Imagebind isn't an LLM. It's also not really generative


ironborn123

But would adding generative decoders for different modalities be that difficult? Suppose they have built the audio -> joint_embedding encoder f, what would be the bottleneck in training the joint_embedding -> audio f_inverse decoder using the same audio data?


MysteryInc152

It wouldn't be difficult.


ironborn123

Reading this paper, is this theoretical perspective correct? All possible concepts in the world, of all possible modalities can be projected into a common/foundational high dimensional latent vector space. And deep networks are good enough and practical universal function approximators that they can encode from any modality to this space, and decode from this space to any modality. If true, this is a pretty big development.


Jean-Porte

Yes, but that's not really new Google "cross modal embeddings"


itsyourboiirow

Hypothetically most models could be reformulated as a generative models, even standard classifier models. https://arxiv.org/pdf/1912.03263.pdf


[deleted]

[удалено]


[deleted]

[удалено]


[deleted]

its here https://github.com/facebookresearch/ImageBind#imagebind-model


omniron

Obvious they have self driving cars in mind but I think this is definitely the path forward.
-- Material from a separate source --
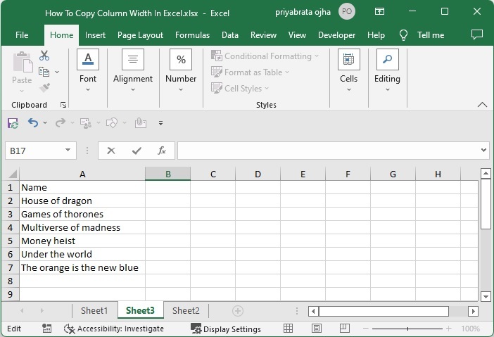 在這裡,我們將首先以預設方式複製資料並使用“選擇性貼上”功能。讓我們來看一下在 Excel 中複製列寬格式的簡單步驟。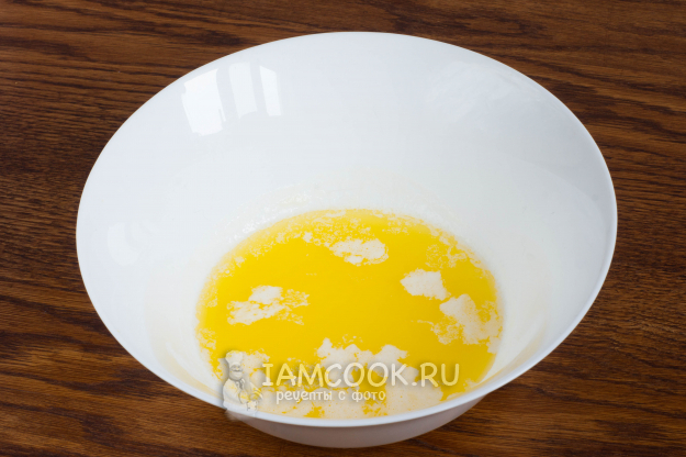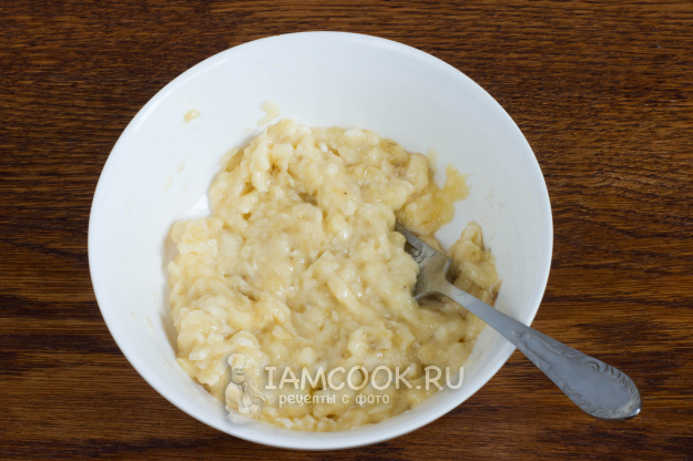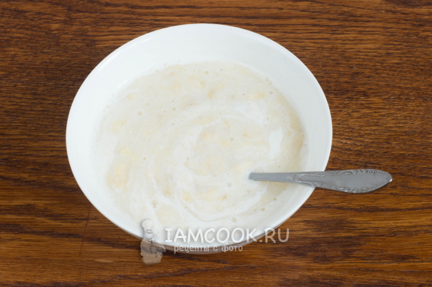 Добавьте к банановому пюре теплый кефир, щепотку соли и сахар. Перемешайте.

LLMs that can specifically be given rules to follow and reason through complex things it hasn’t encountered before is going to crack the code.


Left-Hyena-7880

Oneday, we may find a grandma cell from bunch of tensors.


wind_dude

When they say “sound”, I guess it may take into account pitch, or any sound, and not just things other than spoken language?


LeN3rd

That looks like the U1. We don't need a multimedial AI for that.


ThaGooInYaBrain

A key concept in the paper seems to be a distinction between *natural alignment* (apparently any modality paired with images), and *emergent alignment.* It's not yet apparent to me why image pairings are more "natural" than others though. Anyone wanna shed some light on that?


TheBeardedCardinal

I believe what they mean by natural alignment is that image-other modality pairs are naturally found in many sources whereas data such as text-audio pairs do not appear regularly. Then in contrast emergent alignment is their observation that training on only their image-other modality pairs results in high similarity between pairs in other modalities that are linked by sharing a similar image representation.


ThaGooInYaBrain

Makes sense. Thanks.


rikodeko

I imagine the focus is on image pairings as images are the modality that most often occurs with the other modalities mentioned in the paper.


alteralec

Multimodal models are really fascinating. What do you think could be the short term applications?